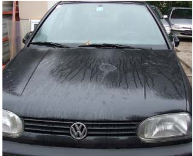
Gebrauchtwagen, funktionstüchtig - Nichtabfall Operational used vehicle – non-waste
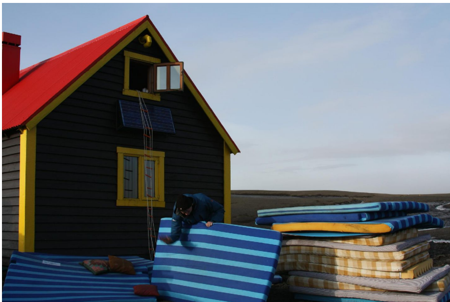
Aska barin úr dýnum í Jökulheimum.

Þessar áætlanir gengu upp, því sunnudaginn 29. maí, degi eftir að eldurinn slokknaði, lagði 19 manna hópur af stað í Jökulheima. Vegna gossins var hætt við sum verkefni en önnur tekin upp í staðinn. Aðalverkefnið var að rannsaka ummerki um gosið.
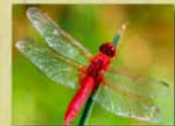
La libellule écarlate Celle-ci est sûre de ne pas passer inaperçue.
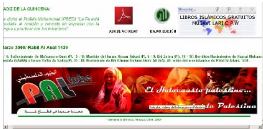
קישור לאתר PALTUBE של חמאס

62. בתחתית עמוד הבית של האתר Semamario Islamico מופיע קישור לאתר PALTUBE של חמאס . המדובר באתר שיתוף קבצים אשר עלה בתחילת שנת 2009 לאינטרנט ומכיל סרטונים וקבצים המקדמים את מסרי הטרור והשנאה של חמאס 49 .
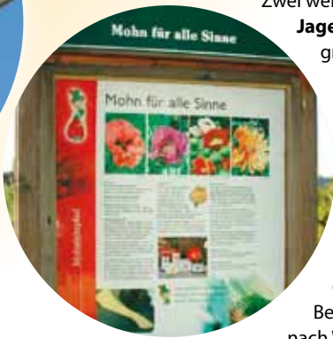
Einige Beispiele für die Kooperation waltergrafik und Beschriftungszentrum Jäger.
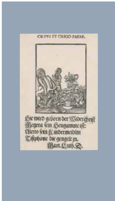
Eksempel på satiretegnning fra Reformationens tid
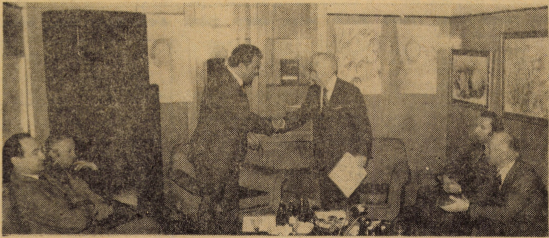
Recent, într-un cadru festiv, Filialele Sibiu a Uniunii societăților de științe medicale i-a fost acordată diploma pentru obținerea locu-

Răspunzînd chemării secretarului general al partidului, tovarășul Nicolae Ceaușescu, oamenii muncii din aceste domenii prioritare ale economiei naționale, celelalte categorii de oameni ai muncii din țară își intensifică permanent eforturile pentru creșterea puternică a producției și productivității muncii, mai buna organizare a activității, sporirea eficienței acesteia, folosirea rațională, la întreaga capacitate, a mașinilor și utilajelor, economisirea de materii prime, materiale, combustibili și energie, valorificarea superioară a materialelor refolosibile, întronarea fermă a ordinii și disciplinei la fiecare loc de muncă. Atitudine ce exprimă elocvent opțiunea clasei noastre muncitoare pentru materializarea exemplară a obiectivelor devenirii noastre socialiste și comuniste, hotărîrea de a întîmpina cu noi și onorante fapte de muncă cea de a 40-a aniversare a victoriei revoluției de eliberare socială și națională, antifascistă și antiimperialistă de la 23 August 1944 și cel de al XIII-lea Congres al Partidului Comunist Român.
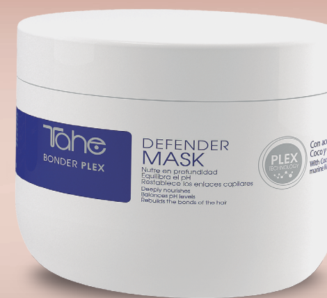
Defender mask 300 ml
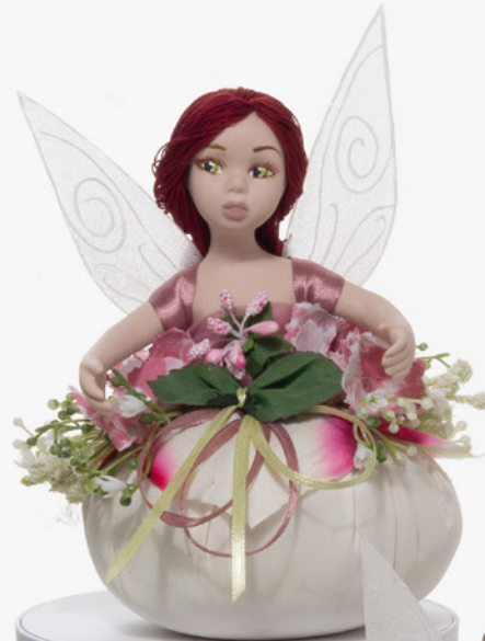
AV23-GA820/1 h. 14,5 cm
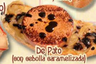
De Pato (con cebolla caramelizada)
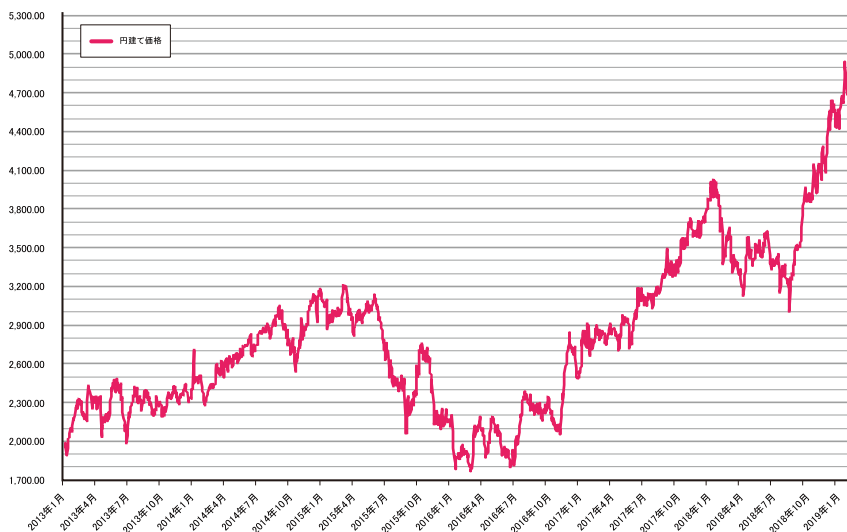
パラジウム地金 グラフチャート 円建て価格(2013年1月～)
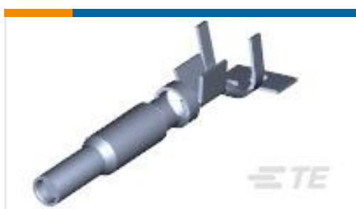
TE 产品编号770006-3 UMNL II SOK PTPPHBZ
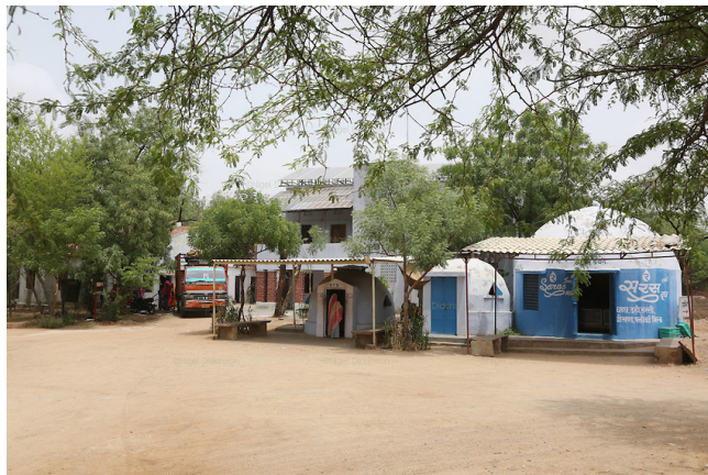
Ngôi trường gồm những kiến trúc hình mái vòm chắc chắn do dân làng tự làm từ kim loại phế liệu.

> [ASSIGNMENT] Only one part of the listing is wanted: the lines from the one containing "Einige Beispiele für" through the one containing "Recent, într-un cadru", both included. Please transcribe it exactly, leaving out the pictures.

> [OUTPUT FOR THIS EXERCISE]
Einige Beispiele für die Kooperation waltergrafik und Beschriftungszentrum Jäger.
Eksempel på satiretegnning fra Reformationens tid
Recent, într-un cadru festiv, Filialele Sibiu a Uniunii societăților de științe medicale i-a fost acordată diploma pentru obținerea locu-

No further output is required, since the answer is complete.